◆ **Assignment**: Answer with a single number: how many lines in the listing below include "while"?

◆ **Provided information**:
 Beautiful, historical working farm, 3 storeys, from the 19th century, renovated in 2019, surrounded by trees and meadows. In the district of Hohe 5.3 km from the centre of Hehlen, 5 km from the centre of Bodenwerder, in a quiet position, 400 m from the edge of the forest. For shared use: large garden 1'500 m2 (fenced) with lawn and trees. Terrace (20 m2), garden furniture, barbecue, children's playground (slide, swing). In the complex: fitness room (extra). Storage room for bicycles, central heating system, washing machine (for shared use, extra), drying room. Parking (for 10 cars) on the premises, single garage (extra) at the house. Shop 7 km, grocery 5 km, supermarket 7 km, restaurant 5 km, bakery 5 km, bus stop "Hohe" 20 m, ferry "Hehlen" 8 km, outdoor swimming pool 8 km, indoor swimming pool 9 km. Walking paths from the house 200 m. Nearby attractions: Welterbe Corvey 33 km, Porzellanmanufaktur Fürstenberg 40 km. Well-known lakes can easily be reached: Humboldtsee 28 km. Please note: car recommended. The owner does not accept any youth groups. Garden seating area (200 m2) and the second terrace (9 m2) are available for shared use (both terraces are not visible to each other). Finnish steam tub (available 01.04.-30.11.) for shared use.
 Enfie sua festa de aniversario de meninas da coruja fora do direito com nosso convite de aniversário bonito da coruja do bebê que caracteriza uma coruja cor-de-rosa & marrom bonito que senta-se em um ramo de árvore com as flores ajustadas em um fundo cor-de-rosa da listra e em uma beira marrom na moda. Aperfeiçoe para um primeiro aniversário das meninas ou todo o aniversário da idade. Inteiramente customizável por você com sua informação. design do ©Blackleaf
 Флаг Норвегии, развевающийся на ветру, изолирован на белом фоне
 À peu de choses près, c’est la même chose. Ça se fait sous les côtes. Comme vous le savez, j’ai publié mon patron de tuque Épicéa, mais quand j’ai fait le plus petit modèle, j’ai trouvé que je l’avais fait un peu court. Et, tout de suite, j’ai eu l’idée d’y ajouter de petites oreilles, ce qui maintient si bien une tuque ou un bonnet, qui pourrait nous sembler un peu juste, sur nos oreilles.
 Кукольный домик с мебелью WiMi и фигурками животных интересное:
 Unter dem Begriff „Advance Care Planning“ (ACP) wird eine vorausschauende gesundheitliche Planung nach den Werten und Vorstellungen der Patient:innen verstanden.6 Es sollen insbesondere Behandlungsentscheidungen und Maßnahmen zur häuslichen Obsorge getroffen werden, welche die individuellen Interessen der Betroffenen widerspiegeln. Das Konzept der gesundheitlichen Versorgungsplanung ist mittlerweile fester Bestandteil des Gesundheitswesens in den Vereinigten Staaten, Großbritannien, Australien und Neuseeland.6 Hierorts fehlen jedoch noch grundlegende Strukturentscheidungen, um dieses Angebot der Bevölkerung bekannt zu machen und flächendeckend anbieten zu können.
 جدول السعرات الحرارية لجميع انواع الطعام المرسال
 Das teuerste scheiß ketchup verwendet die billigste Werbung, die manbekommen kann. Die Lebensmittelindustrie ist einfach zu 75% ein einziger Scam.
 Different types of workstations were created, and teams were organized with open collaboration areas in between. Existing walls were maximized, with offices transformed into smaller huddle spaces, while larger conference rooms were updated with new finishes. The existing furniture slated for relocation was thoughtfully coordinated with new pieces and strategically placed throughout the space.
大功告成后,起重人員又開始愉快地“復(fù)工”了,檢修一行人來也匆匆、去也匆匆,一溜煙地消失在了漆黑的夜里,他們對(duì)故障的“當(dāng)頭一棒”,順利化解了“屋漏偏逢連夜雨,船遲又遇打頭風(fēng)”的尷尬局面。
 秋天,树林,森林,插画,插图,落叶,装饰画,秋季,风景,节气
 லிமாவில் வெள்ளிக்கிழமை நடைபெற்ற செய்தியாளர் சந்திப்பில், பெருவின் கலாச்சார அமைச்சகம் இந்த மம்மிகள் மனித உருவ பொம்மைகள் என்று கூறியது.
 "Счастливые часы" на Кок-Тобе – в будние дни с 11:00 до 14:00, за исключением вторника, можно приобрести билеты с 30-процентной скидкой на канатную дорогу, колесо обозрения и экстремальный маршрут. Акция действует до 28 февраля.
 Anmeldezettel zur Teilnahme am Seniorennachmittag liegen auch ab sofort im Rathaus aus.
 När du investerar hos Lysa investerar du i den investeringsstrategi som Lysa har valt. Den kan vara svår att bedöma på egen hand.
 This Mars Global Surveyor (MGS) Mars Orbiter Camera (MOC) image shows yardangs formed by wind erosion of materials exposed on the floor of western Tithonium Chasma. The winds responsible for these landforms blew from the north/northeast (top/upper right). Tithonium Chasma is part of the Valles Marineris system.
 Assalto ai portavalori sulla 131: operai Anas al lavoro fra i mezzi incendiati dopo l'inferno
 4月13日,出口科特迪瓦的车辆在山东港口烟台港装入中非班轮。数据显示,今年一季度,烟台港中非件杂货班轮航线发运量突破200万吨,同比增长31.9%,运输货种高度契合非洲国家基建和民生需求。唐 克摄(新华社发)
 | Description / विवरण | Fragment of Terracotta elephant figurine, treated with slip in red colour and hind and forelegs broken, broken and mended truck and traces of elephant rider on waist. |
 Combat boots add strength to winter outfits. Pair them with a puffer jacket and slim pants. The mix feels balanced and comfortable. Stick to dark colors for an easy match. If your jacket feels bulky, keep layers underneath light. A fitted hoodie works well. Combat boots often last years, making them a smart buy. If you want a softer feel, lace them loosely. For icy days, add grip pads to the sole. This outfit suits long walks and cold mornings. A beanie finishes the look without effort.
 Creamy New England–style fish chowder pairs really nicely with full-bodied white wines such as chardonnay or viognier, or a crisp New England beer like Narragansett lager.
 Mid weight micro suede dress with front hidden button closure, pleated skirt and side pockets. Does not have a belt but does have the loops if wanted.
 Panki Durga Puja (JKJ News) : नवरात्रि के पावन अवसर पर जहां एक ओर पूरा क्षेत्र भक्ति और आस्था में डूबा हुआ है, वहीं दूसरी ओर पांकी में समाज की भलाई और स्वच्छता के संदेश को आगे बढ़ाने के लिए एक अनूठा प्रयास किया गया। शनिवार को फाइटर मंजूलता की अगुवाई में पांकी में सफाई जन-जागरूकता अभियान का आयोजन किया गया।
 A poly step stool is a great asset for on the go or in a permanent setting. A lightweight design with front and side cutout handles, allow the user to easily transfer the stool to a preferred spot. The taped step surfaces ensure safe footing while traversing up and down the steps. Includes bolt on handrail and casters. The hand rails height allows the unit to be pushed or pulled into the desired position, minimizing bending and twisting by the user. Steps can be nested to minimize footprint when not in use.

◆ **Solution below**: 2